One of Rashbam's students, Rabbi Eliezer of Beaugency, is noted as completely removing Drash from his exegetical strategies, relying solely on Peshat. In comparison to Rashbam's tendency to explain how his views would contrast with those of Talmudic Rabbis, Rabbi Eliezer is not compelled to do so, feeling that Peshat is the only proper way to look at text. As Peshat's methods rely often on the importance of context, Rabbi Eliezer's commentaries are known for their tendency to focus on the context of a given verse or text. His commentaries are integrated with text, rather than sitting separate from them, and he insists on ensuring that no verse loses its context during his discussions, in comparison to other methods, such as the "verse-by-verse approach of Rashi"

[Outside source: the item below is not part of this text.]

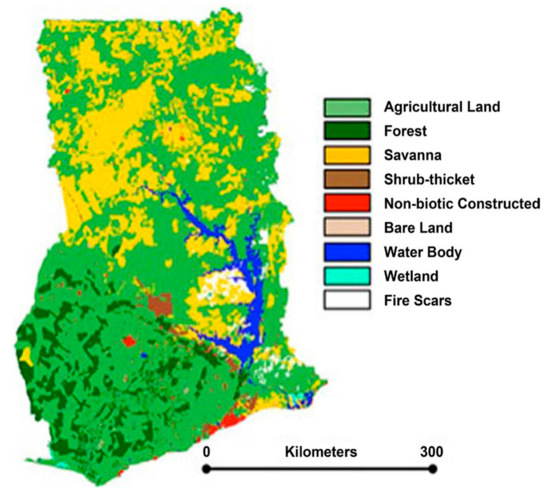Map of Ghana’s agricultural area [63].

David Kimhi (Radak) was also known for his ability in Peshat, and was influenced both by Ibn Ezra and Rashi. While Kimhi preferred Peshat methods over Derash, the influence of Rashi can be seen in some of his commentaries, in the inclusion of midrashic citations. Additionally, Kimhi lived among many famed proponents of Derash, such as Rabbi Moses the Preacher, who "undoubtedly had a substantial impact on Radak." Kimhi tended to go out of his way to reject the views of the Rabbis of the Talmud often, which has led to the theory that, although disagreeing with them, Kimhi fully acknowledged the tradition and authority of the Talmud Rabbis. In his commentaries, Kimhi labels his interpretation as Peshat, and that of the Talmudic Rabbis as Derash, creating a strict divide between the two in his writings.
A student of Saadiah Gaon is recorded as saying: "This is the sign by which you should know which comments well and which comments badly: Any commentator who first comments with peshuto shel mikra in concise language, and afterwards brings some of our rabbis' midrash, this is a good commentary, and the reverse is [a] crude [commentary].